On this page we post about interesting quantum-computing related research and news which we are following.

100+ trapped-ions in cryogenically pumped architecture

100+ trapped-ions in cryogenically pumped architecture

Atomic ions can be trapped by electric fields in ultra-high vacuum and then laser-cooled to extremely low temperatures. The internal states of such a trapped ion can be used to encode a qubit. Such qubit systems have very long coherence times and their internal states can be precisely manipulated using lasers, and measured efficiently. Current, room temperature, systems are limited to 50 ions to to collisions with background gas. At cryogenic temperatures (4K) , most of the residual background gas is trapped enabling further scale-up of ion-trap systems. In this paper, Pagano et al. present experimental results from a trapped ion system with such cryogenic-pumping, which enables them to trap over 100 ions in a linear configuration for hours, paving the way for future quantum simulation of spin models that are intractable with classical computer modelling.

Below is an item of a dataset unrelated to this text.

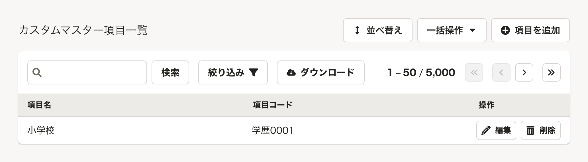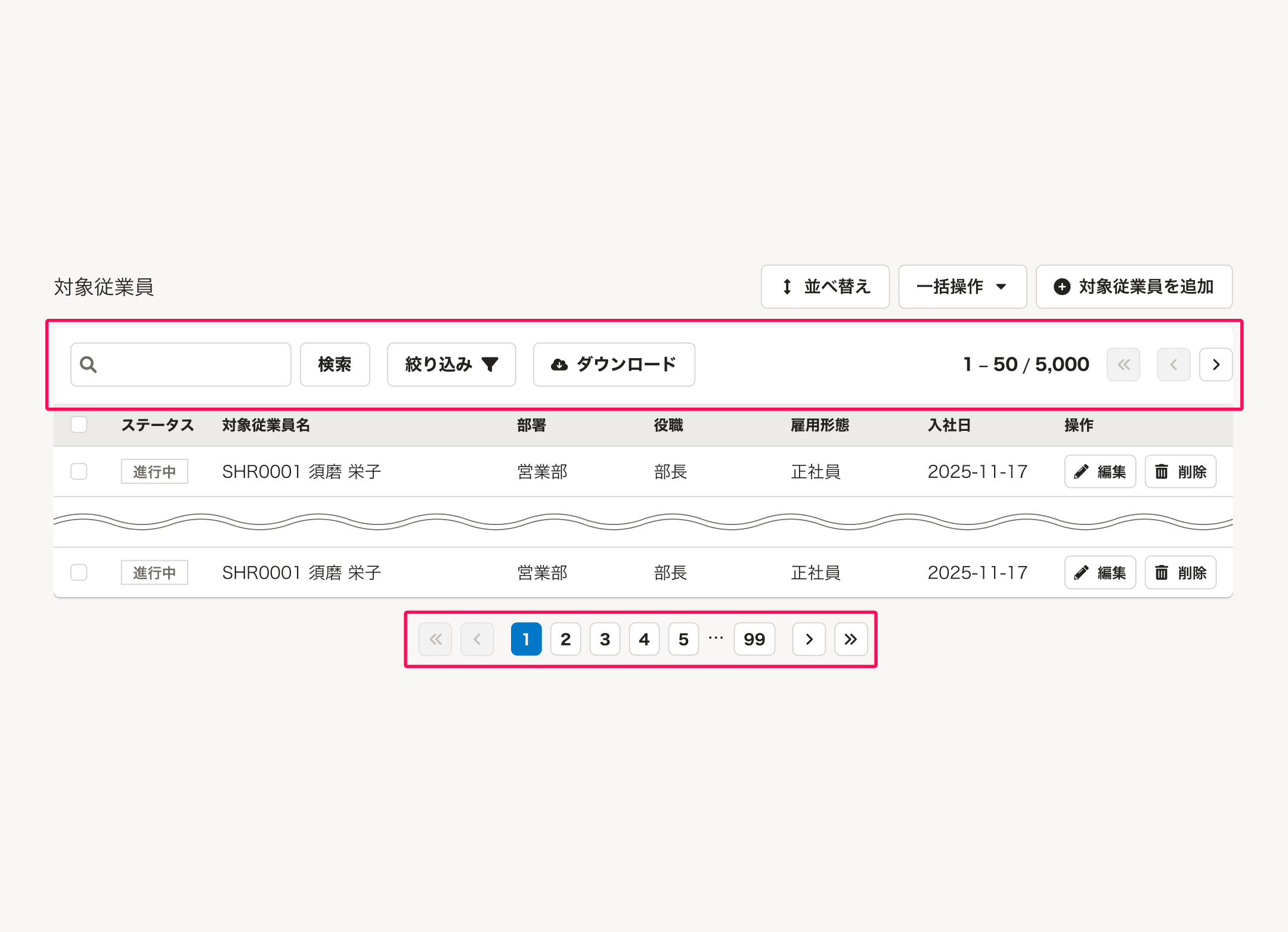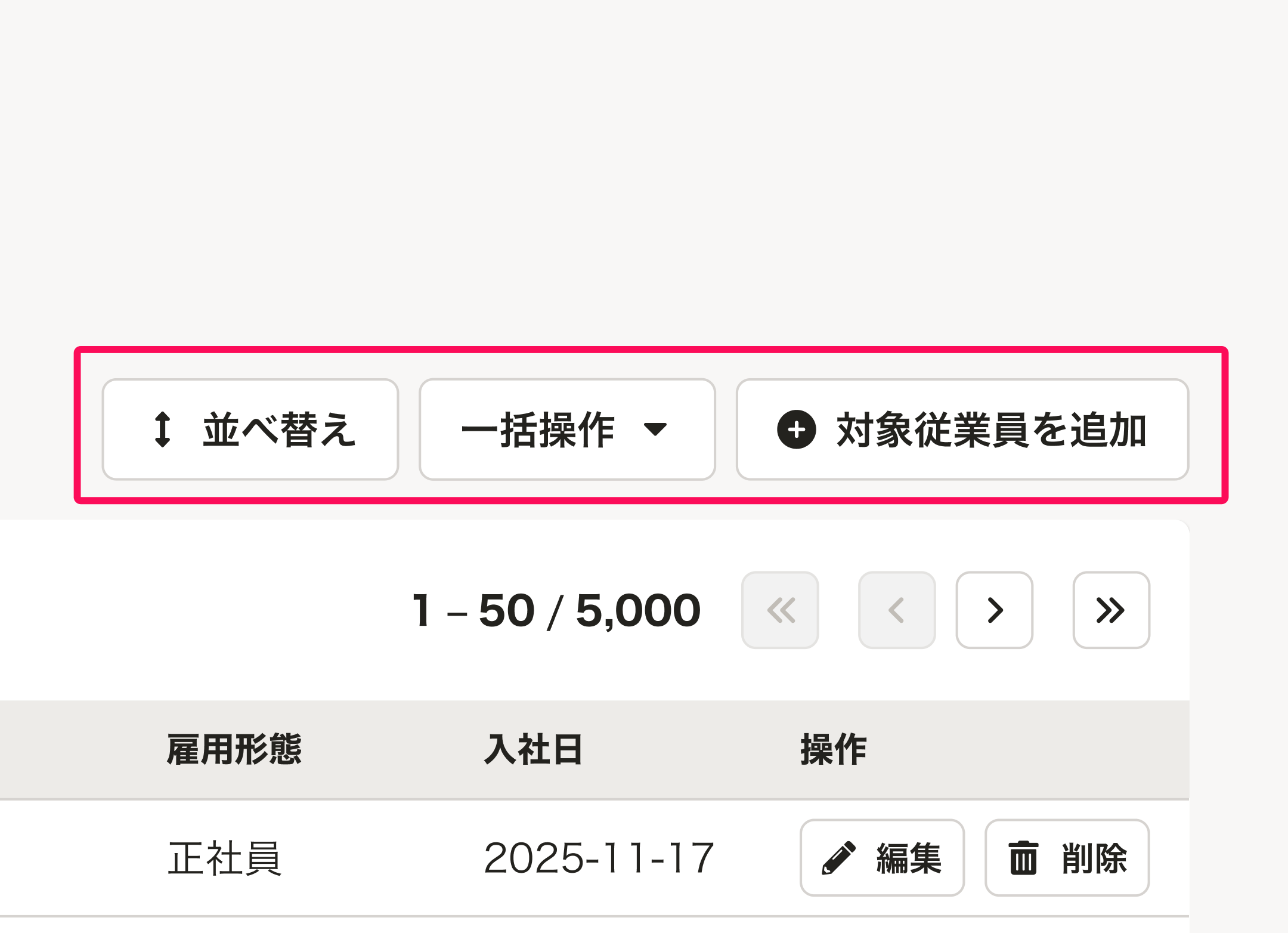 以下に限らず、扱う機能やユースケースによって、データの追加・一括変更などに関わるアクションボタンを配置できます。

Hyper- and hybrid entanglement

Hyper- and hybrid entanglement

Usually quantum information is encoded into a single, well-controlled degree of freedom, such as a spin. In some cases, however, establishing so called hyper-entanglement among several degrees-of-freedom (e.g. photon path, polarization and angular momentum), can be beneficial, e.g. improve the capacity of dense coding in linear optics.  In this paper, Li et al. propose a scheme that allows to combine both (single degree-of-freedom) entanglement and hyper-entanglement. Specifically, they show how two identical, initially separated particles can become spin-entangled, momenta-entangled and spin-and-momenta-hyper-entangled.

Voltage-controlled superconducting quantum bus

Voltage-controlled superconducting quantum bus

Coupling between superconducting qubits is typically controlled not by changing the qubit-qubit coupling constant, but by suppressing the coupling by detuning their transition frequency. This approach becomes much more difficult with a high number of qubits, due to the ever-more crowded transition-frequency spectrum. In this paper, Casparis et al. demonstrate an alternative coupling scheme, in the form of a voltage controlled quantum-bus with the ability to change the effective qubit-qubit coupling by a factor of 8 between the on- and off-states without causing significant qubit decoherence.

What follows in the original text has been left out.